§ **WHAT TO DO**
Set down exact lines only, from the line with "2024年5月2日,游客在唐山市迁西县栗香湖房车营地休闲度假。" through the last line of the material below, with every picture left out.

§ **MATERIAL SHOWN**
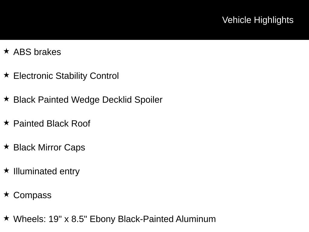 - Wheels: 19" x 8.5" Ebony Black-Painted Aluminum
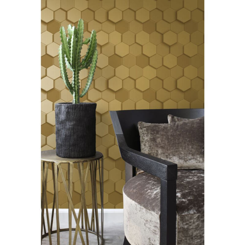 Wow! Dit schitterende gouden behang transformeert je muur tot een stijlvolle blikvanger. De warme, gouden tint brengt veel sfeer in je interieur, terwijl subtiele glanseffecten zorgen voor een luxe en verfijnde uitstraling. Kortom: een absolute must-have!
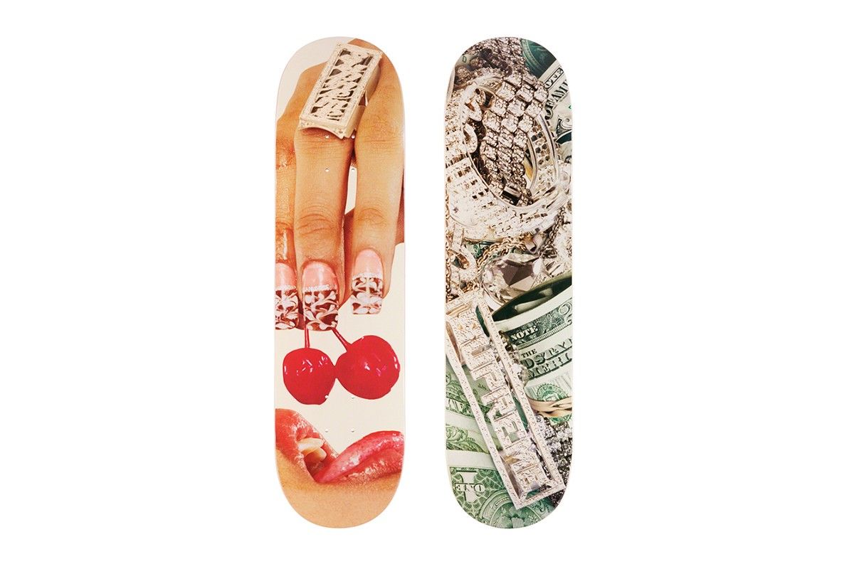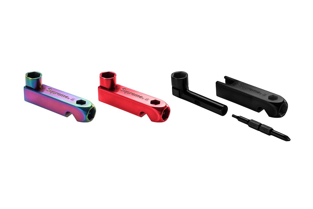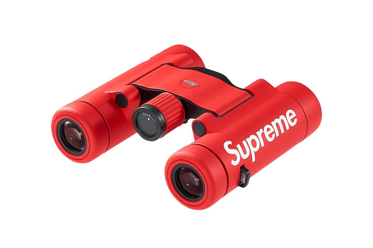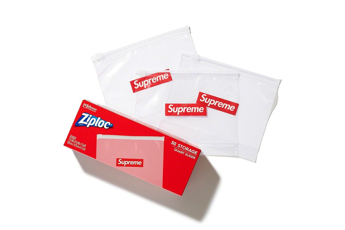 Altri item includono una bici BMX e biscotti Oreo rossi con il Box Logo di Supreme, ma anche carta fotografica Fujifilm per Polaroid, un giradischi, una palla da basket e sacchetti sigillabili per alimenti. Mentre oggetti più tradizionali sono le classiche tavole da skateboard, una serie di accendini, cinture e portachiavi e item tecnici come occhialini da nuoto e guanti da motocicletta. Notevoli poi sono il lucchetto trasparente e il fischietto per richiamare gli uccelli.
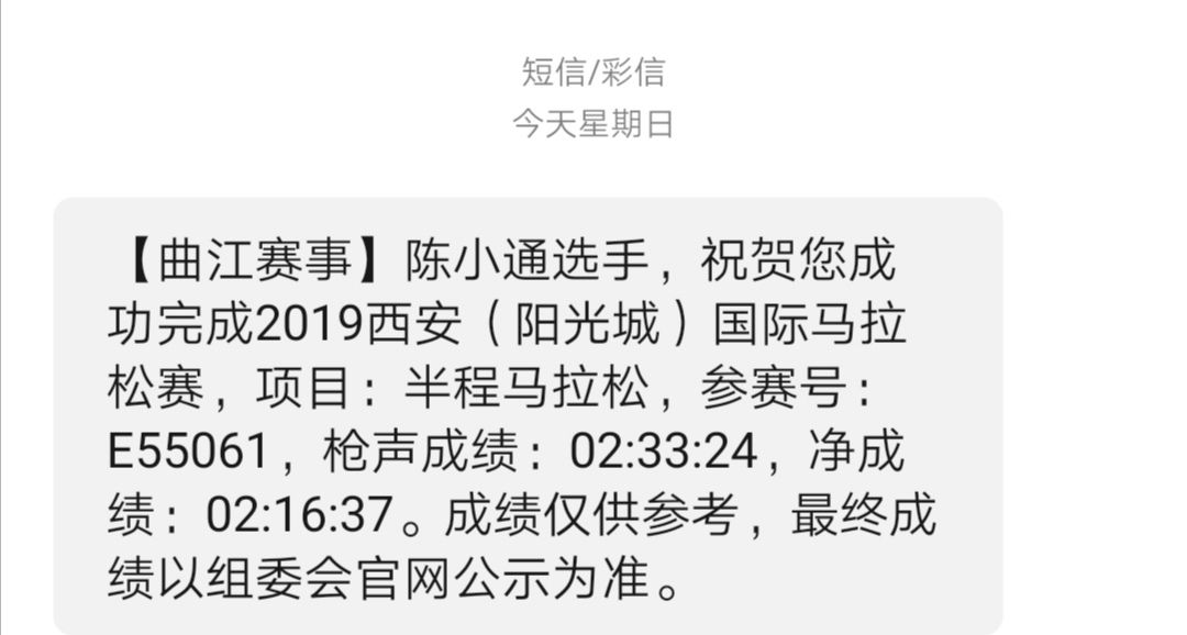 提着完赛袋子,顺着流程做了拉伸,其实就是滚了滚小腿。坐上摆渡车回了到了地铁站,下车的时候总能听到呻吟。群里已经有人贴出半马成绩了,但我还是没有收到短信,难道成绩无效?这时对面一兄弟说你去拦截信息里找找,过了终点就来成绩短信了,结果真在拦截短信里。
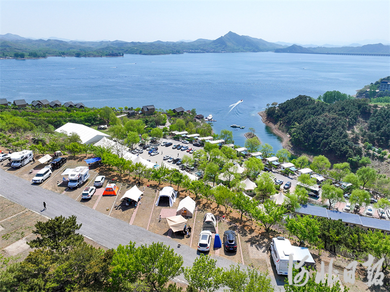 2024年5月2日,游客在唐山市迁西县栗香湖房车营地休闲度假。
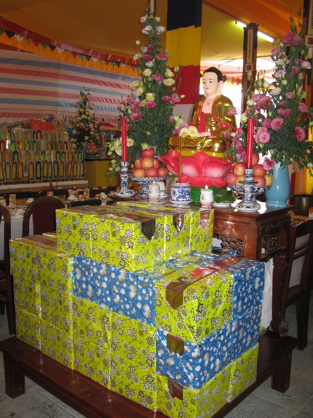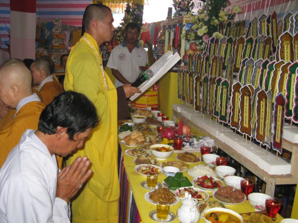 Xuất phát từ ý nghĩa thiêng liêng cao cả ấy, sáng hôm nay 10/5/2012 ( nhằm ngày 20 tháng 4 Nhâm Thìn ) gia đình phật tử Nguyễn Trung Loan pháp danh Hạnh Thiện, Nguyễn Thị Lộc pháp danh Diệu Liên . Sau gần 60 năm xa quê hương, tha phương cầu thực , nay đã tìm được cội nguồn tiên tổ đã thành tâm thiết lễ cúng dường trai tăng, cầu siêu an vị, truy tiến Nội Ngoại chư tiên linh hai họ Nguyễn – Bạch và thiết lễ Trai Đàn Bạt Độ, Chẩn Tế Âm Linh Cô Hồn cầu nguyện âm siêu, dương thái tại tư gia số 3/5 đường Trần Phú, phường 4 TP Đà Lạt .
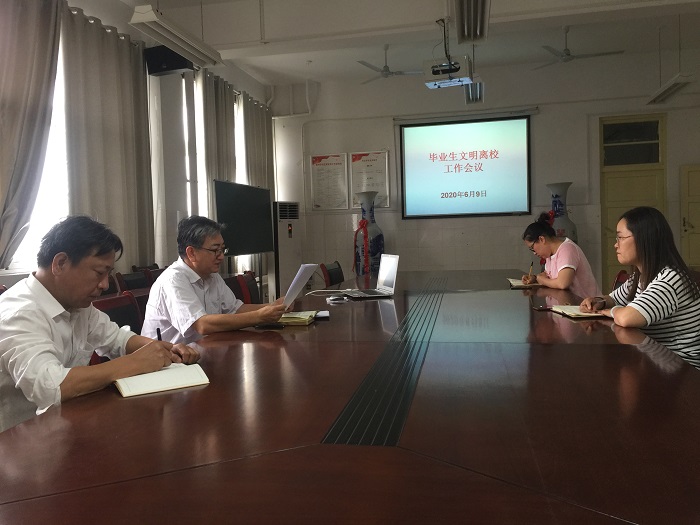 会上,徐基贵宣读了学校《大赢家体育做好2020届毕业生文明离校工作的通知》,对2020年毕业生文明离校工作进行了具体安排。
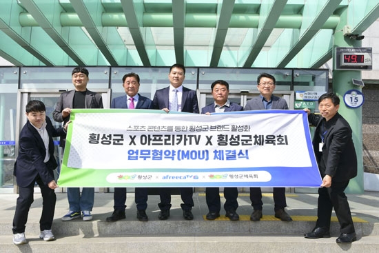 | 지역 스포츠 활성화 및 홍보를 위한 업무협약을 체결했다. 횡성군은 지난 10일 오후 2시 군수집무실에서 김명기 군수, 박명서 횡성군체육회장, ㈜아프리카TV 소셜미디어사업부 이민원 상무, 관계자가 참석한 가운데 진행했다.
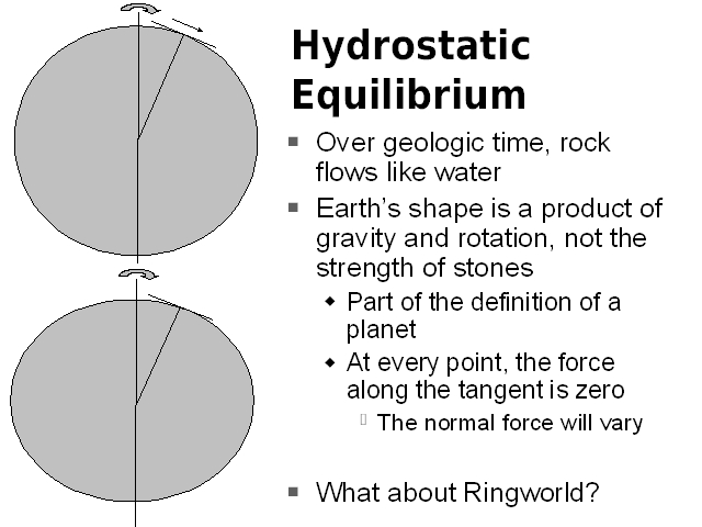 The overall shape of the Earth depends on the interplay between gravity and centrifugal force – the top figure shows a rotating spherical Earth. If you calculate the force along the tangent line at any point, you’ll find a net force towards the equator – so a loose object placed there will move towards the equator. In the long term, every object on Earth is loose – stone is just not strong enough to resist the continual force reshaping it. In the steady state the shape of the earth distorts just enough to eliminate the force along the tangent to the surface at every point; the normal force will vary from point to point, with a maximum at the pole and a minimum at the equator, but because the tangential force is everywhere zero, there is no further tendency for the shape of the planet to change.
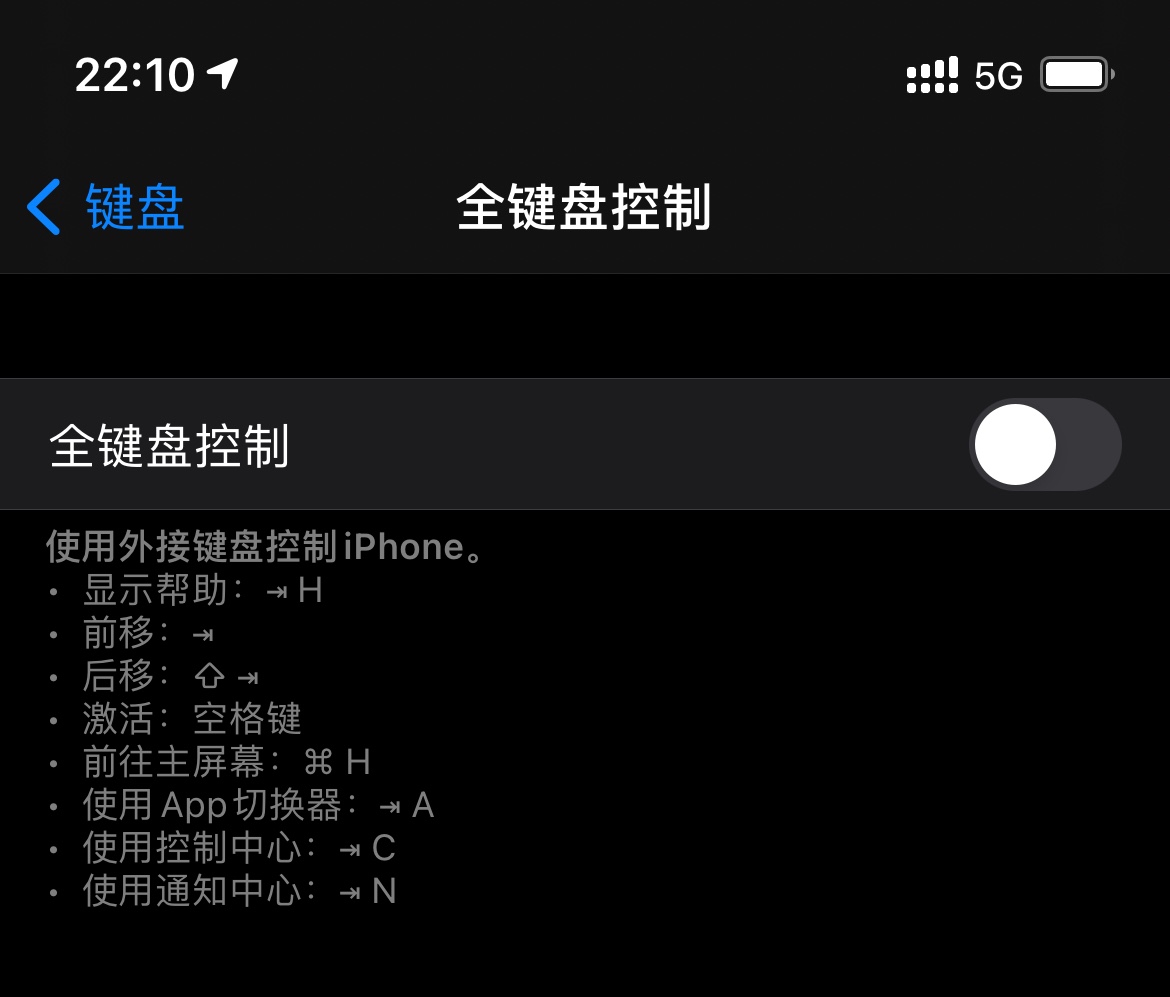 我也是用键盘的时候就不想碰屏幕。一开始也在想是不是有键盘快捷键,发现其实仅用键盘也行,打开全键盘控制(“设置”>“辅助功能”>“键盘”>“全键盘控制”),然后就可以使用 Tab + C 来呼出控制中心,不过全键盘控制会在 UI 上带来一些变化我不太喜欢。

§ **ANSWER TO THIS TASK**
 2024年5月2日,游客在唐山市迁西县栗香湖房车营地休闲度假。
 Xuất phát từ ý nghĩa thiêng liêng cao cả ấy, sáng hôm nay 10/5/2012 ( nhằm ngày 20 tháng 4 Nhâm Thìn ) gia đình phật tử Nguyễn Trung Loan pháp danh Hạnh Thiện, Nguyễn Thị Lộc pháp danh Diệu Liên . Sau gần 60 năm xa quê hương, tha phương cầu thực , nay đã tìm được cội nguồn tiên tổ đã thành tâm thiết lễ cúng dường trai tăng, cầu siêu an vị, truy tiến Nội Ngoại chư tiên linh hai họ Nguyễn – Bạch và thiết lễ Trai Đàn Bạt Độ, Chẩn Tế Âm Linh Cô Hồn cầu nguyện âm siêu, dương thái tại tư gia số 3/5 đường Trần Phú, phường 4 TP Đà Lạt .
 会上,徐基贵宣读了学校《大赢家体育做好2020届毕业生文明离校工作的通知》,对2020年毕业生文明离校工作进行了具体安排。
 | 지역 스포츠 활성화 및 홍보를 위한 업무협약을 체결했다. 횡성군은 지난 10일 오후 2시 군수집무실에서 김명기 군수, 박명서 횡성군체육회장, ㈜아프리카TV 소셜미디어사업부 이민원 상무, 관계자가 참석한 가운데 진행했다.
 The overall shape of the Earth depends on the interplay between gravity and centrifugal force – the top figure shows a rotating spherical Earth. If you calculate the force along the tangent line at any point, you’ll find a net force towards the equator – so a loose object placed there will move towards the equator. In the long term, every object on Earth is loose – stone is just not strong enough to resist the continual force reshaping it. In the steady state the shape of the earth distorts just enough to eliminate the force along the tangent to the surface at every point; the normal force will vary from point to point, with a maximum at the pole and a minimum at the equator, but because the tangential force is everywhere zero, there is no further tendency for the shape of the planet to change.
 我也是用键盘的时候就不想碰屏幕。一开始也在想是不是有键盘快捷键,发现其实仅用键盘也行,打开全键盘控制(“设置”>“辅助功能”>“键盘”>“全键盘控制”),然后就可以使用 Tab + C 来呼出控制中心,不过全键盘控制会在 UI 上带来一些变化我不太喜欢。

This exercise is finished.